> **Activity**
Look through the data below and output, unchanged, every line from the one holding "譲渡会では、気になる猫ちゃんを抱っこしてみたり、触れたりできます。" through the one holding "這種羽絲面膜的特性讓敷在臉上時得以感受輕薄透氣、整個和臉完全舒服的貼合!", inclusive. Skip the pictures.

> **Records for this exercise**
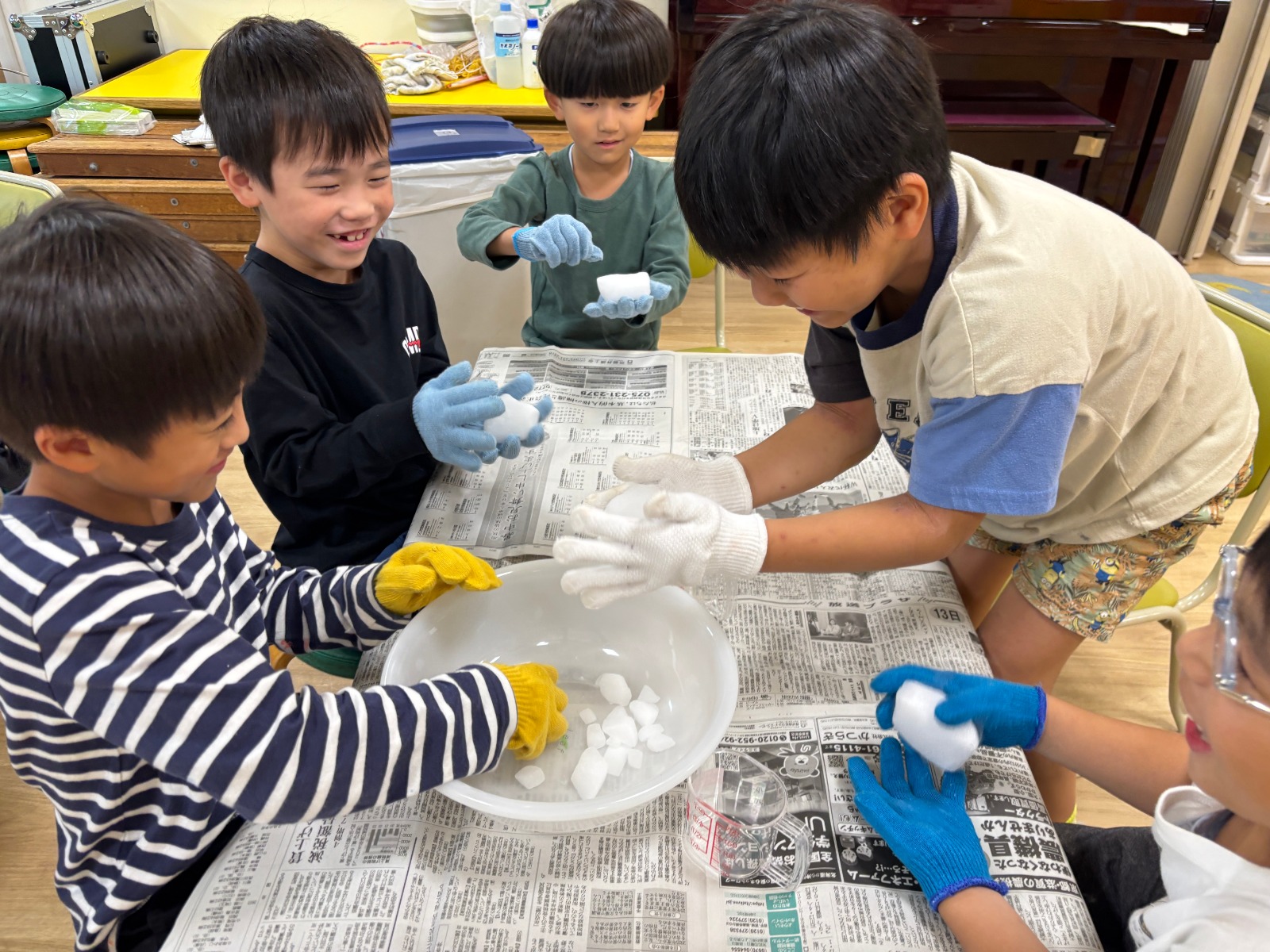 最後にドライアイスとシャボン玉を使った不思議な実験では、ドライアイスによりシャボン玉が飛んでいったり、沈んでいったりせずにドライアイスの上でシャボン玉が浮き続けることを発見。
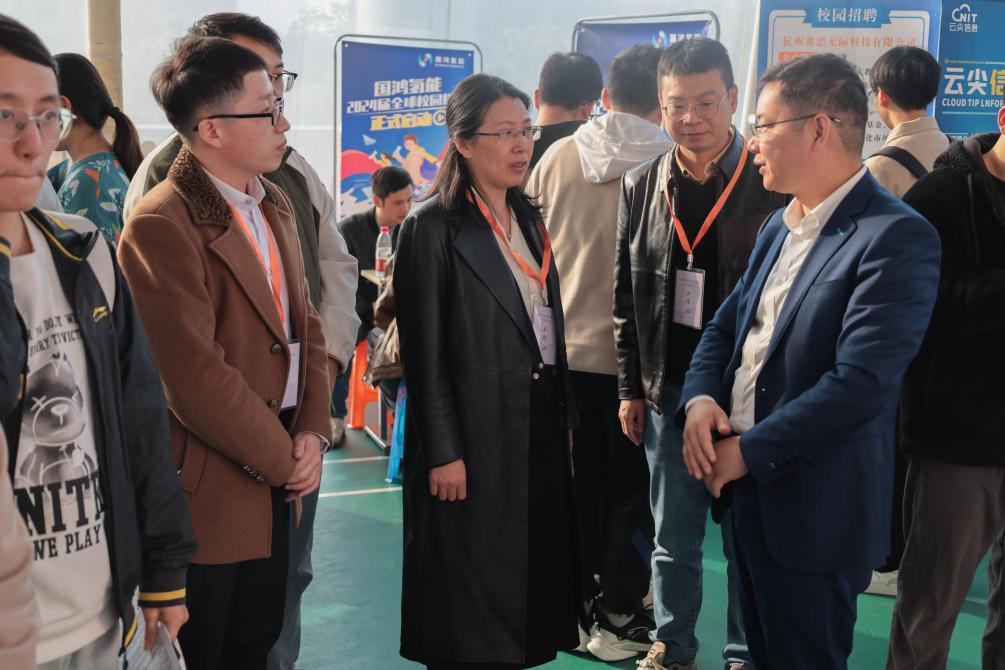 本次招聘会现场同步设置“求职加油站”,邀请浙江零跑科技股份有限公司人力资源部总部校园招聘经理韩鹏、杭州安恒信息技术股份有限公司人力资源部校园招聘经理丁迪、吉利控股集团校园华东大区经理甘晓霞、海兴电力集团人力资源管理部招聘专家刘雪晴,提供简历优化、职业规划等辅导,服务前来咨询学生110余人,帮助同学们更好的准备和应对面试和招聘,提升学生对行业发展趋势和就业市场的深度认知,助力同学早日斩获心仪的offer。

...

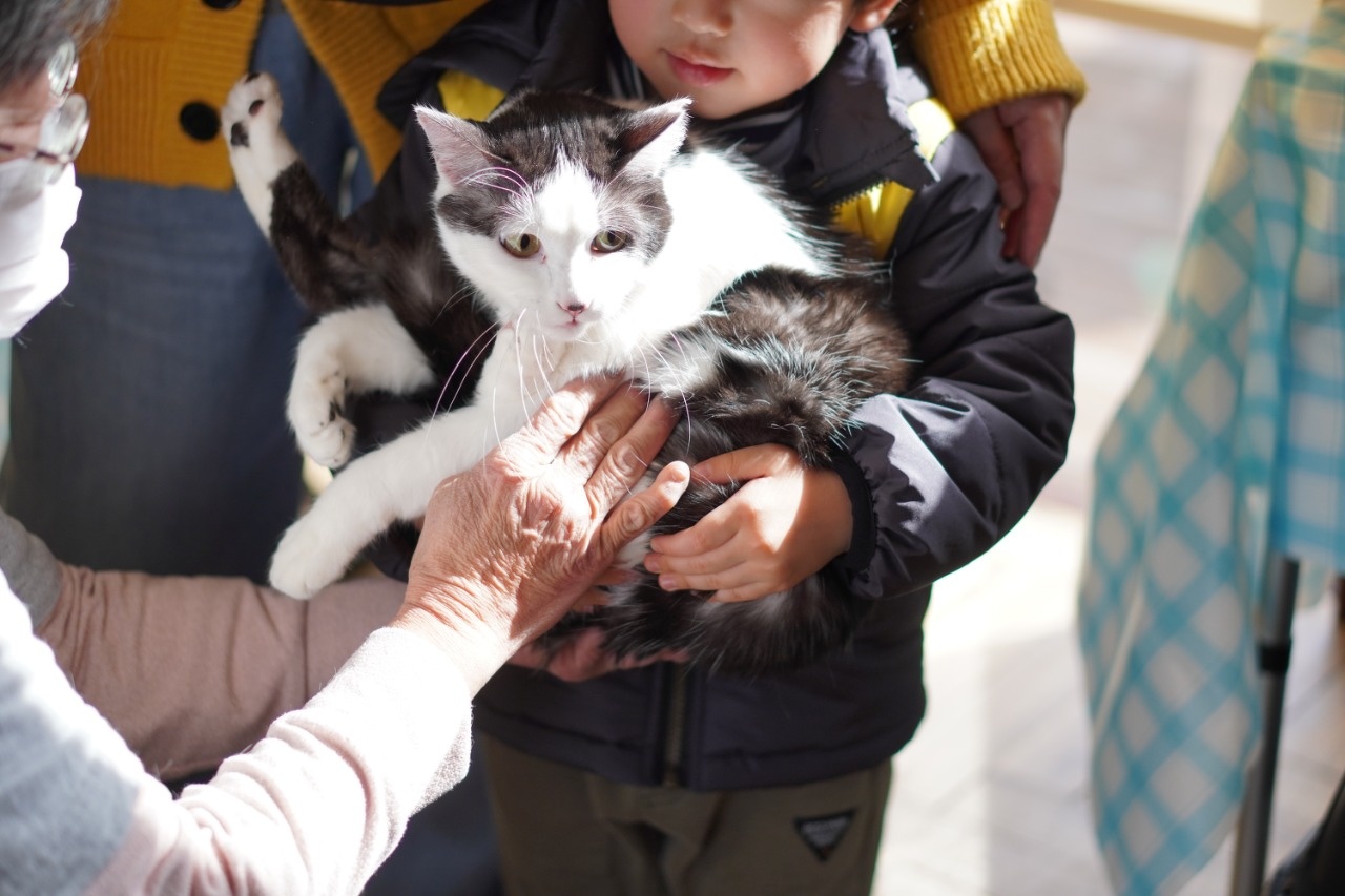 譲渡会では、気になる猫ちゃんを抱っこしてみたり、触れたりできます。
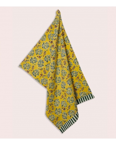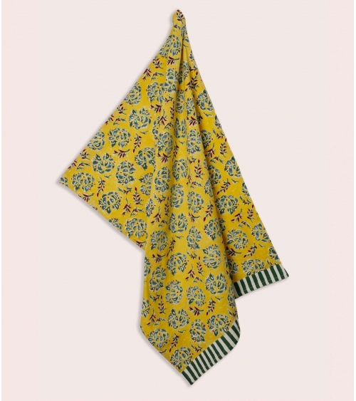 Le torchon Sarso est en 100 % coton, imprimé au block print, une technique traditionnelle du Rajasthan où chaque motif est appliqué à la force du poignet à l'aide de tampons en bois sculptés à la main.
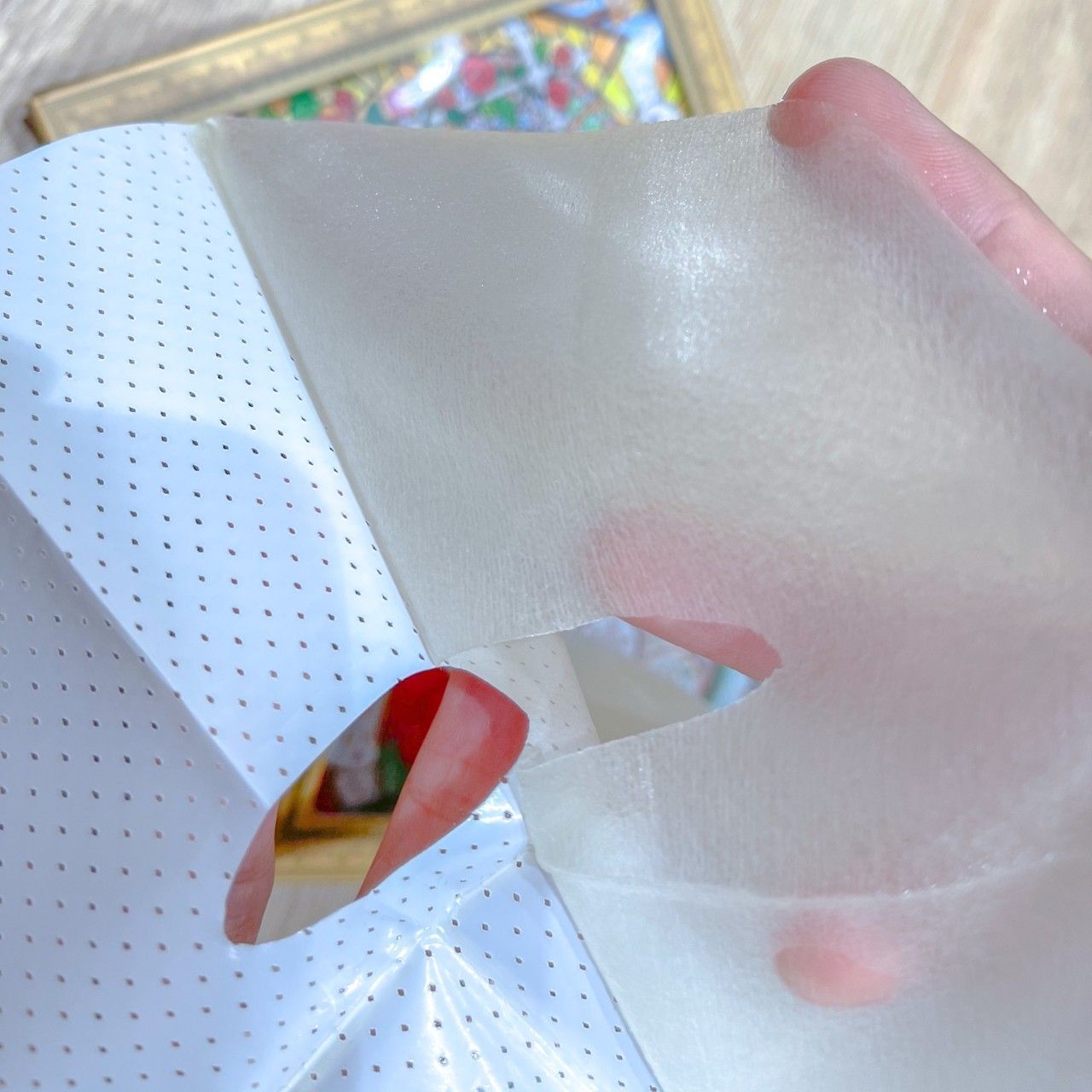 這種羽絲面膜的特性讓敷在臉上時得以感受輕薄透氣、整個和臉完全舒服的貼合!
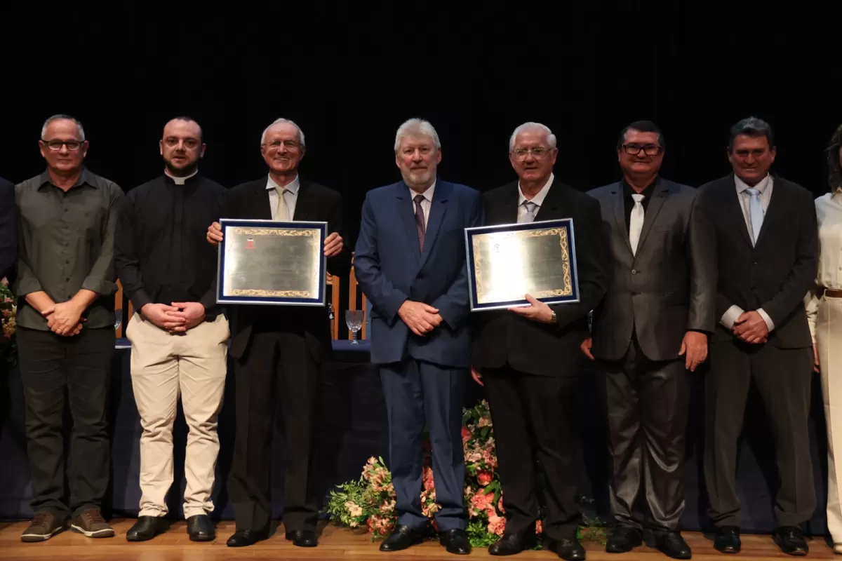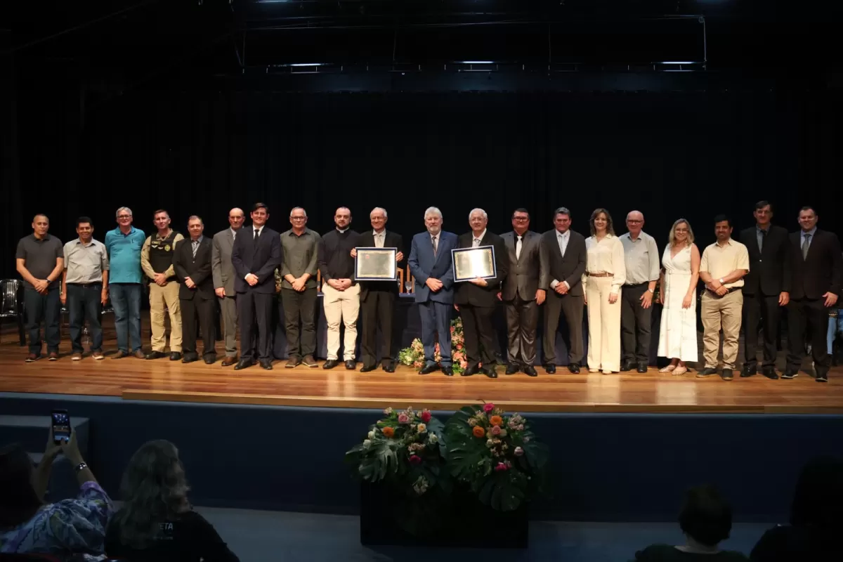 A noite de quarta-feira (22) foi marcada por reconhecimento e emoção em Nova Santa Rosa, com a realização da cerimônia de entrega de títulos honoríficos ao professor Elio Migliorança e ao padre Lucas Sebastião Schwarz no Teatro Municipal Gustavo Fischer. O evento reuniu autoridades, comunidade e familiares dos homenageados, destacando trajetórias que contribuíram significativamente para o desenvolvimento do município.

> **Response for this exercise**
 譲渡会では、気になる猫ちゃんを抱っこしてみたり、触れたりできます。
 Le torchon Sarso est en 100 % coton, imprimé au block print, une technique traditionnelle du Rajasthan où chaque motif est appliqué à la force du poignet à l'aide de tampons en bois sculptés à la main.
 這種羽絲面膜的特性讓敷在臉上時得以感受輕薄透氣、整個和臉完全舒服的貼合!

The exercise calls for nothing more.